San Francisco – A $400 million mixed-use redevelopment plan that included building a new cruise ship terminal south of the Bay Bridge, which connects San Francisco to Oakland, had been stalled for years until one of the phases, a 22-story condominium, opened this year.

The $95 million, 136-unit building known as The Watermark is part of a plan that, by 2012, is also expected to include luxury office space, shops, restaurants and the new Brannan Street Wharf.

The project was built on the Embarcadero waterfront. “Most of the other residential projects are a few blocks from here,” said Paul Odmundson, project director and managing representative for project developer San Francisco Cruise Terminal, LLC (SFCT), which is managing the entire redevelopment plan.
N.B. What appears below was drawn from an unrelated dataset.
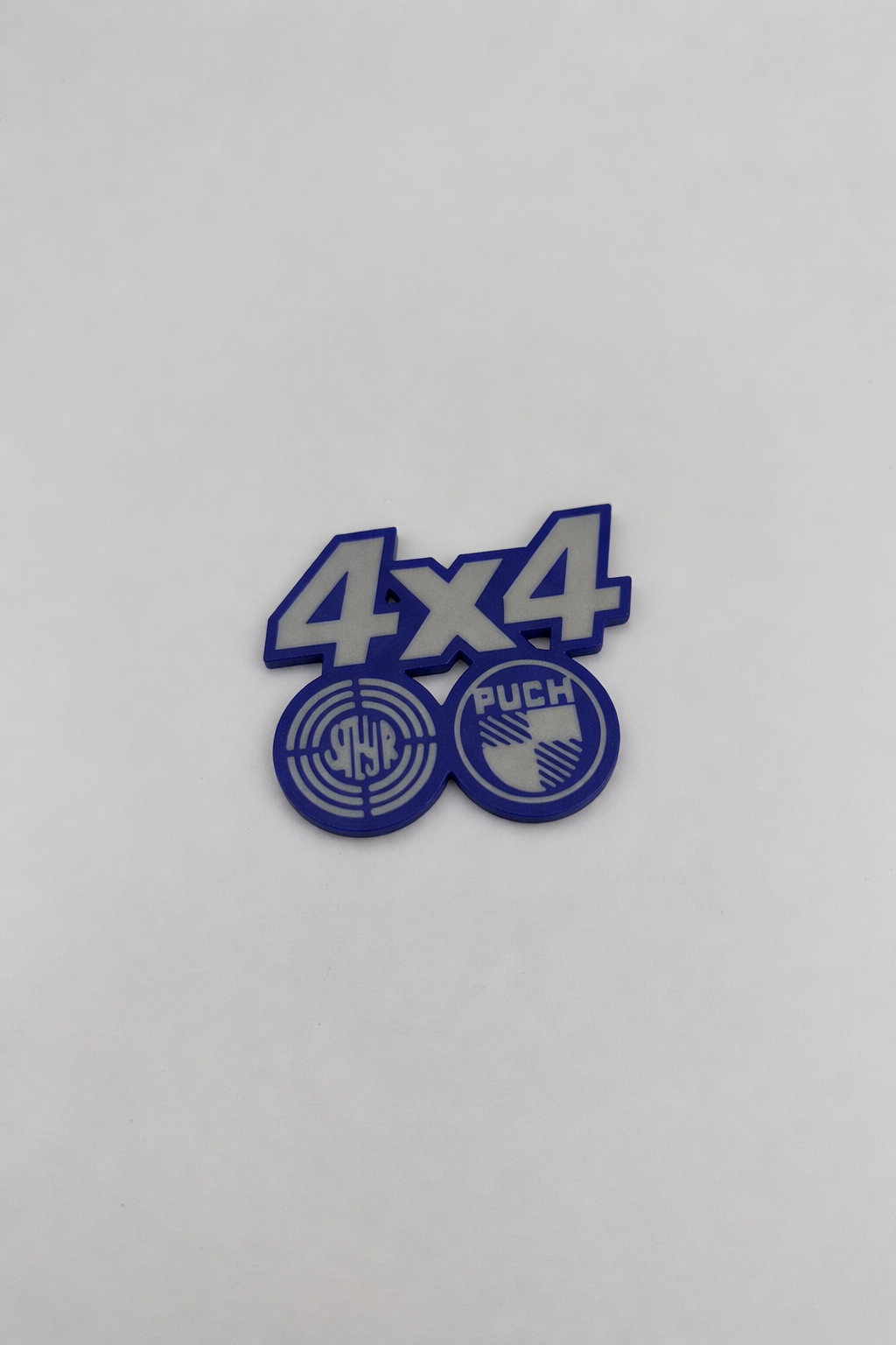 Replica del logo/emblema “Steyr Puch” per Fiat Panda 141 4×4, progettata per sostituire o personalizzare il logo originale presente sul portellone posteriore dell’auto classica.

The company is a joint venture between Lend Lease Corp. and Mapletree Investments, an investment arm of the Singapore government.

“We offer unobstructed views of the water and a modern design,” he added.
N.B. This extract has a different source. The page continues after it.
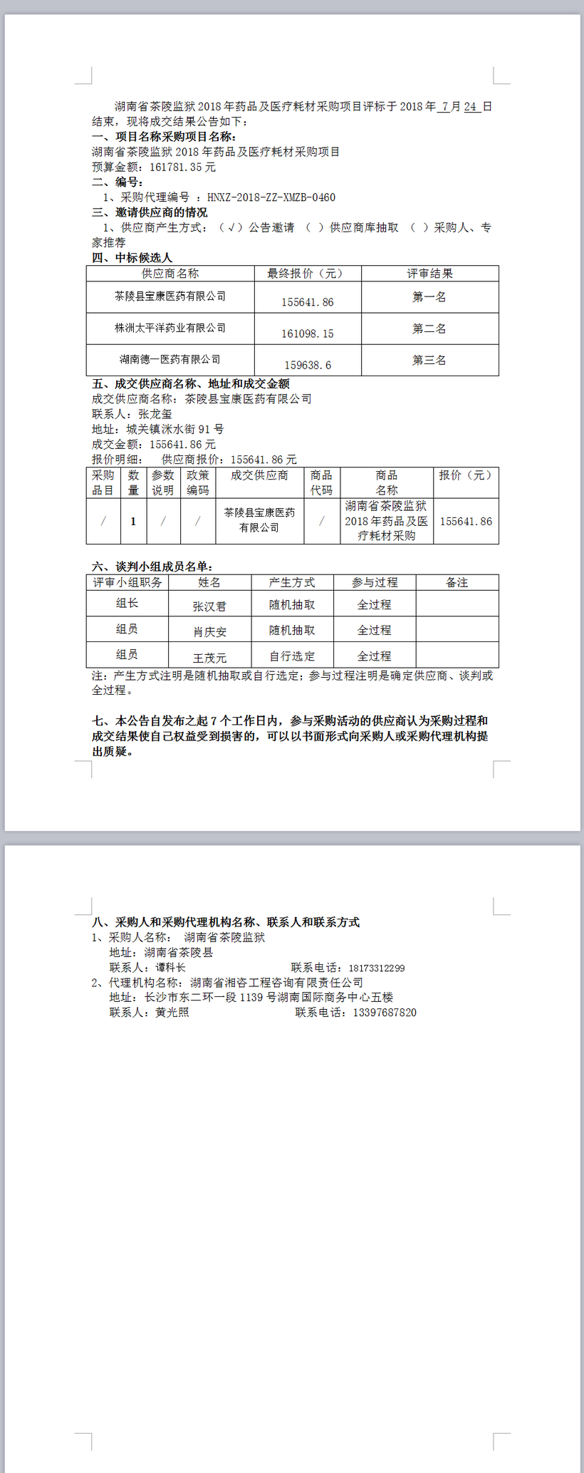 湖南省茶陵監獄2018年藥品及醫療耗材采購項目成交公告

Selling prices for most of the glass-faced condo units run from $700,000 for a one-bedroom, 759-square-foot unit to more than $1.7 million for a three-bedroom, 2,055-square-foot unit. The penthouses are selling for about $3 million each. Because of city requirements, 16 condos have been set aside for households earning the area median income.

Two-thirds of the units were sold at press time, according to Odmundson.

The Watermark was built to the same quality standard as luxury condo hotels downtown, like the St. Regis and Four Seasons, he added. But The Watermark targets a younger demographic; two-thirds of the buyers are full-time residents, instead of the older, vacation-home buyers that other luxury buildings have targeted.

To fund the project, HSBC Bank provided a $60 million loan at an initial floating interest rate of 4.5% based on the London InterBank Offered Rate plus 250 basis points. SFCT financed the remaining $35 million of the cost with equity.

The Watermark is conveniently located outside a MUNI public transit stop and is within walking distance of the city’s financial district.

The other phases of development are still on hold, said Odmundson. He is in the middle of pre-marketing the office space and expects high demand. Net absorption for office space was at a record high in the city last year, he said.

Odmundson hopes to reinvest the profits from condo sales to help renovate the pier.